I'm not sure I agree on these points.

1) The hash produced is, to me, a hash of the abstract RDF dataset, 
modulo isomorphism. If you put two isomorphic abstract RDF datasets in 
(whatever their serialisation), you get the same hash out. The fact that 
N-Quads might be used is an implementation detail. The hash could just 
as well be produced over an abstract set-based representation of the 
quads and still provide the guarantees mentioned by the explainer (which 
is what my implementation does; it does not serialise to N-Quads and 
then hash that string, but builds the hash in-memory over the set of 
quads). I know the explainer specifically mentions N-Quads, and maybe 
that's what will happen, but it is not a necessary part of the 
implementation nor a functional requirement of the algorithm.

2) It is true that the RDF standard states that "Blank node identifiers 
are not part of the RDF abstract syntax, but are entirely dependent on 
the concrete syntax or implementation." The standard also states that 
"the set of possible blank nodes is arbitrary", and to have a set of 
elements, we must be able to establish equality and inequality over 
those elements; otherwise the set is not defined. So how can we deal 
computationally with an arbitrary set of elements? We label blank nodes 
in a one-to-one manner as a proxy and work with the labels. (We could, 
equivalently, consider the set of labels to *be* the "arbitrary set of 
blank nodes" mentioned by the standard.) If the labels of two blank 
nodes are equal, the blank nodes are equal. If the labels are not equal, 
the blank nodes are not equal. We can use string libraries for this. 
Almost every implementation that works with (abstract) RDF datasets does 
this; it's not something particular to canonicalisation. So this is part 
of an implementation of the algorithm and is completely compatible with 
what the standard suggests of abstract RDF datasets, and those 
implementations that work with them.†




That said, I agree with you that the explainer could be made more 
precise in this manner (without affecting readability) in that it does 
refer to blank node labels as part of the dataset rather than the 
implementation. Here are the problematic sentences I can see:

* "Two isomorphic RDF Datasets are identical except for differences in 
how their individual blank nodes are labeled." This could be removed to 
just leave the sentence that follows it: "In particular, R is isomorphic 
with S if and only if it is possible to map the blank nodes of R to the 
blank nodes of S in a one-to-one manner, generating an RDF dataset R' 
such that R' = S." (This itself could be more formal, but I think that 
would be out of scope for the explainer; also it is defined elsewhere.)

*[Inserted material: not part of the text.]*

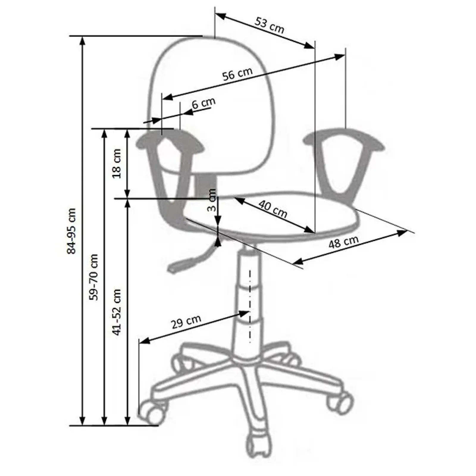 - dimensioni totali: L.56 x H.84-95x P.53 cm

* "Such a canonicalization function can be implemented, in practice, as 
a procedure that deterministically re-labels all blank nodes of an RDF 
Dataset in a one-to-one manner" We could change "re-labels" to simply 
"labels" to avoid the impression that the (abstract) RDF Dataset already 
has labels.

* "without depending on the particular set of blank node labels used in 
the input RDF Dataset" We could change to "without depending on the 
particular set of blank node identifiers used in the serialization of 
the input RDF Dataset"

* "It could also be referred to as a “canonical relabelling scheme”" 
This could rather be "It could also be referred to as a “canonical 
labeling scheme”", to avoid implying that labels already exist.

I have created a PR for this:
 https://github.com/w3c/lds-wg-charter/pull/91

If there's some other sentence that you see as imprecise in that way, 
let me/us know!

Best,
Aidan

† Well, there is a perhaps one weird issue that if "the set of possible 
blank nodes is arbitrary", then it could also be a uncountably infinite 
set that cannot be "labelled" one-to-one by finite strings. The set of 
blank nodes could be the set of reals, for example. So when we talk 
about labelling blank nodes, we assume that they are countable (finite 
or countably infinite). I am not aware that anything in the RDF standard 
restricts the set of blank nodes to be finite, countably infinite, or 
something else. Just to clarify that if this does turn out to be a 
problem, it will likely be a theoretical flaw for most standards built 
on top of RDF, and probably for the semantics of RDF graphs. I don't 
know if this actually matters in any meaningful sense, but I think it 
would be slightly comforting to know that somewhere, something 
normative says or implies that the set of blank nodes is countable. :)
Received on Friday, 11 June 2021 23:20:05 UTC